On ne parle d’ailleurs pas assez de l’apport des acteurs dans l’évolution stylistique d’un réalisateur. Depuis A history of violence, Cronenberg semble avoir trouvé en Mortensen le prisme idéal pour exprimer ses obsessions. Epousant corps et âme la cause du cinéaste, l’acteur s’avère être un animal fascinant Cronenberg, qui, en le filmant au plus près (et par là même les autres acteurs), apporte à sa mise en scène un côté plus élégant, plus humain. Arborant un look empruntant autant à Mitchum qu’à De Niro (cf Max Cady), l ’acteur livre une superbe composition tout en tension retenue, dont le visage impassible est trahi par ce regard glacial, mais lourd de sens. Sa technique de jeu contraste forcément avec celle plus expansive de Vincent Cassel, très bon en fils détesté, ce qui ajoute grandement à la relation amicale quasi fraternelle qui unit leurs deux personnages. Tour à tour inquiètant et profondément humain, il campe un simple "employé qualifié" dans la disparition de corps, puis s’vère avide de pouvoir, pour fialement révéler d’autres facettes au fur et à mesure que le film avance. D’ailleurs, chaque évolution du personnage se traduit moralement, mais aussi physiquement (les tatouages), rappelant aux connaisseurs que la contamination et l’organique sont des thèmes chers à Cronenberg.

Dans ce nouveau grand film, qui saisit de la première à la dernière image, Cronenberg parvient à nouveau à fondre ses thèmes de prédilection dans le creuset d’un film de genre, grâce à une mise en scène sèche et tranchante. Une vraie réussite.


Critique de Les promesses de l’ombre - Parce que dans l’obscurité, Cronenberg demeure puissant
Par : Chroniqueurs

Par Frank Black

Depuis A history of violence et sa rencontre avec Viggo Mortensen, beaucoup disent que le cinéma de Cronenberg a pris une seconde jeunesse. Pour d’autres, il s’agit simplement d’une collaboration entre deux grands artistes, deux génies totalement dévoués à leur métier.
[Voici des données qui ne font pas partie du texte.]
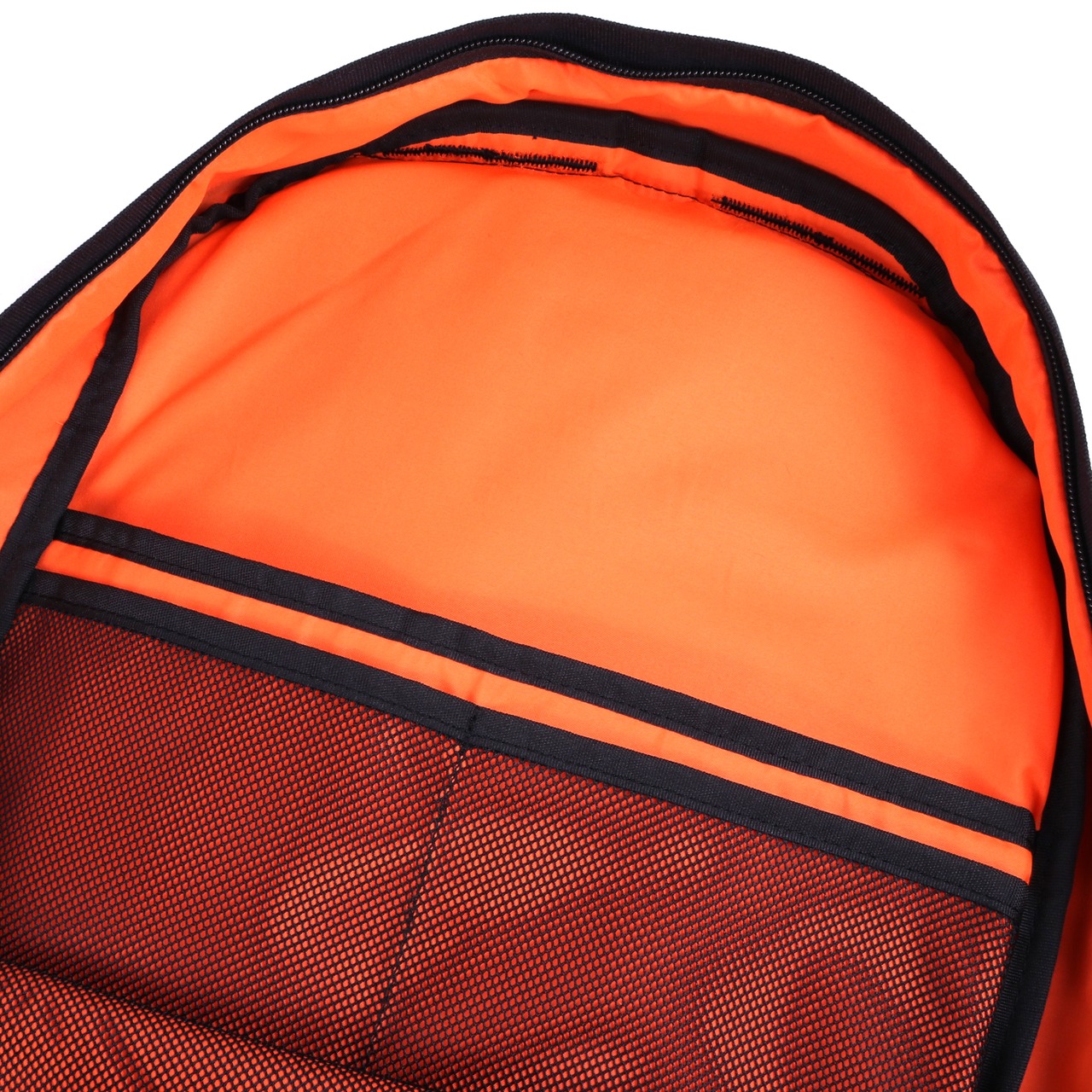シンプルなリュックに、実用性を追求した11のポケットを配置したモデル。フロントポケットはシューズを収納できるほどの大きさがあって、2気室ザック同様の使いやすさがポイントです。裏地はオレンジで、中身が確認しやすいところも見逃せません。ショルダーストラップに付けたミリタリーテイストのキーパーホルダーはデザイン的にも。「UNIVERSAL OVERALL」の特徴的なオレンジタグもアクセントになっています。また、服のテイストを問わずにコーディネートしやすいハリのある素材を採用しています。

Et le nouveau Cronenberg/Mortensen, Les promesses de l’ombre n’acquière en rien le titre de chef-d’œuvre, il ne répond à aucune escalade ou ascension dans le cinéma de Cronenberg. Il est de qualité point.

Avec Les promesses de l’ombre, Cronenberg tombe amoureux de Londres et de son caractère multiethnique, des multiples facettes de la capitale qui sont méconnues et même parfois inconnues. Il est rare en effet de voir un film s’intéresser à la mafia russe (et à ses contacts avec les autres ethnies) au sein d’une ville comme Londres. Et pourtant, il s’agit bien là d’une rencontre entre deux mondes. Celui dans lequel nous « vivons » et qui est représenté par Naomi Watts et celui dans lequel nous ne devons pas mettre les pieds et où Vincent Cassel est prince et où Armin Mueller-Stahl est roi. Viggo Mortensen agissant comme un « lien » entre les deux univers.

Par une mise en scène très sobre et très discrète, David Cronenberg se place dans l’ombre et fait tout pour donner la part belle à ses acteurs et à son scénario. Il agit comme un chef d’orchestre et fait donc en sorte que le cadre de l’histoire soit parfait mais pas trop imposant pour que ses acteurs puissent « exploser » à l’intérieur. Naomi Watts joue juste et ne marche jamais sur la corde de l’outrance. Représentante pourtant de la candeur et de la naïveté (elle n’est pas de la mafia et ne connaît pas les codes qui régissent ces gangsters russes), elle sait ne pas être transparente mais au contraire très réaliste.

Après, c’est presque un duel entre Viggo Mortensen et Vincent Cassel qui s’engage. Enfin l’immense plaisir de voir un Vincent Cassel avec un rôle à la mesure de son talent. Personnage ambigu et très expressif, il est le fils raté et instable qui pourtant devra être roi.
Viggo Mortensen, lui, est exemplaire. Chacun de ses gestes, de ses regards et de ses mots pèsent lourd, très lourd. Il nous écrase littéralement par son charisme et sa tranquillité. Chauffeur froid et méthodique, il a su laisser transparaître en lui une petite fente qui montre son caractère bon. Mortensen est loin d’être un simple chauffeur, c’est là tout l’intérêt de son personnage.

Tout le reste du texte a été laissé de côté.